Plus Disease in Retinopathy of Prematurity
Hewing NJ, Kaufman DR, Chan RVP, Chiang MF. Plus disease in retinopathy of prematurity: qualitative analysis of diagnostic process by experts. JAMA Ophthalmol. Published online May 23, 2013. doi:10.1001/jamaophthalmol.2013.135.
Hewing NJ, Kaufman DR, Chan RVP, Chiang MF. Plus Disease in Retinopathy of PrematurityQualitative Analysis of Diagnostic Process by Experts. JAMA Ophthalmol. 2013;131(8):1026-1032. doi:10.1001/jamaophthalmol.2013.135
Copyright 2013 American Medical Association. All Rights Reserved. Applicable FARS/DFARS Restrictions Apply to Government Use.
Plus disease is the most important parameter that characterizes severe treatment-requiring retinopathy of prematurity, yet diagnostic agreement among experts is imperfect and the precise factors involved in clinical diagnosis are unclear. This study is designed to address these gaps in knowledge by analyzing cognitive aspects of the plus disease diagnostic process by experts.
To examine the diagnostic reasoning process of experts for plus disease in retinopathy of prematurity using qualitative research techniques.
Cognitive walk-through, with qualitative analysis of videotaped expert responses and quantitative analysis of expert diagnoses.
Experimental setting in which experts were videotaped while reviewing study data.
A panel of international retinopathy of prematurity experts who had the experience of using qualitative retinal features as their primary basis for clinical diagnosis.
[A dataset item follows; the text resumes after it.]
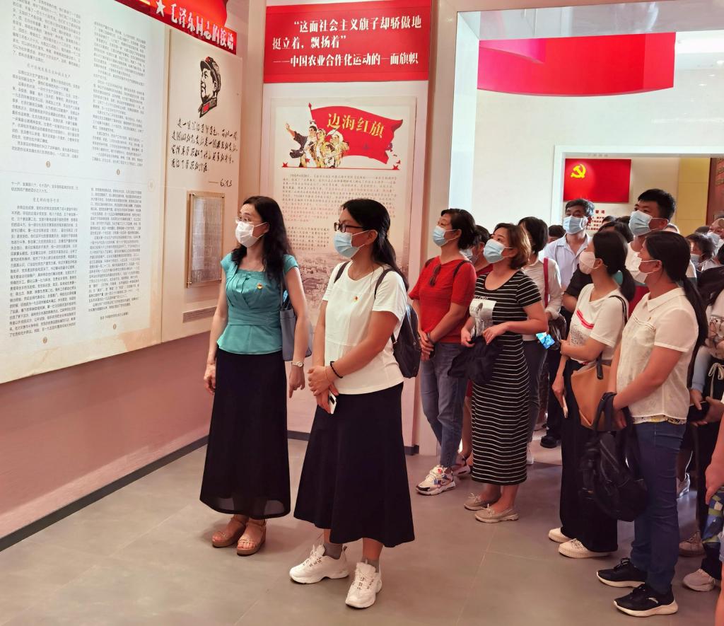 在阳西县儒洞镇边海村红色展馆,讲解员带领大家回顾了边海村的红色革命历史,边海村筚路蓝缕、栉风沐雨的峥嵘岁月以及垦荒造田、引水灌溉的历史,深入体会边海党支部战天斗地、拦河筑坝的斗争精神,开天辟地、围海造田的创造精神,让大家深刻领会党群连心、勇立潮头的精神实质。60多年前,毛泽东同志亲笔批示边海乡党支部为“模范的支部”。近年来,边海村更是通过弘扬传承“边海红旗”精神,以红旗精神推动乡村振兴战略,引领基层党建全面夯实,边海村新农村建设取得了显著成效。红色展馆中,展现的历史遗物、图片影像资料以及阳西革命先辈的革命历程,让大家经受了一次精神的洗礼和灵魂的升华,受到了一次深刻的党性教育。在鲜红的党旗下,刘艳带领党员重温入党誓词。

Six experts were video recorded while independently reviewing 7 wide-angle retinal images from infants with retinopathy of prematurity. Experts were asked to explain their diagnostic process in detail (think-aloud protocol), mark findings relevant to their reasoning, and diagnose each image (plus vs pre-plus vs neither). Subsequently, each expert viewed the images again while being asked to examine arteries and veins in isolation and answer specific questions. Video recordings were transcribed and reviewed. Diagnostic process of experts was analyzed using a published cognitive model.
Main Outcome and Measures
Interexpert and intraexpert agreement.
Based on the think-aloud protocol, 5 of 6 experts agreed on the same diagnosis in 3 study images and 3 of 6 experts agreed in 3 images. When experts were asked to rank images in order of severity, the mean correlation coefficient between pairs of experts was 0.33 (range, −0.04 to 0.75). All experts considered arterial tortuosity and venous dilation while reviewing each image. Some considered venous tortuosity, arterial dilation, peripheral retinal features, and other factors. When experts were asked to rereview images to diagnose plus disease based strictly on definitions of sufficient arterial tortuosity and venous dilation, all but 1 expert changed their diagnosis compared with the think-aloud protocol.
Conclusions and Relevance
Diagnostic consistency in plus disease is imperfect. Experts differ in their reasoning process, retinal features that they focus on, and interpretations of the same features. Understanding these factors may improve diagnosis and education. Future research defining more precise diagnostic criteria may be warranted.
Retinopathy of prematurity (ROP) is a vasoproliferative disease affecting low-birth-weight infants. An International Classification for ROP (ICROP) has been developed to standardize clinical diagnosis.1 Multicenter randomized trials such as the Cryotherapy for Retinopathy of Prematurity (CRYO-ROP) and Early Treatment for Retinopathy of Prematurity studies have found that severe ROP may be treated successfully by laser photocoagulation or cryotherapy.2,3 Pharmacological treatments are being studied.4 Despite these advances, ROP continues to be a leading cause of childhood blindness throughout the world.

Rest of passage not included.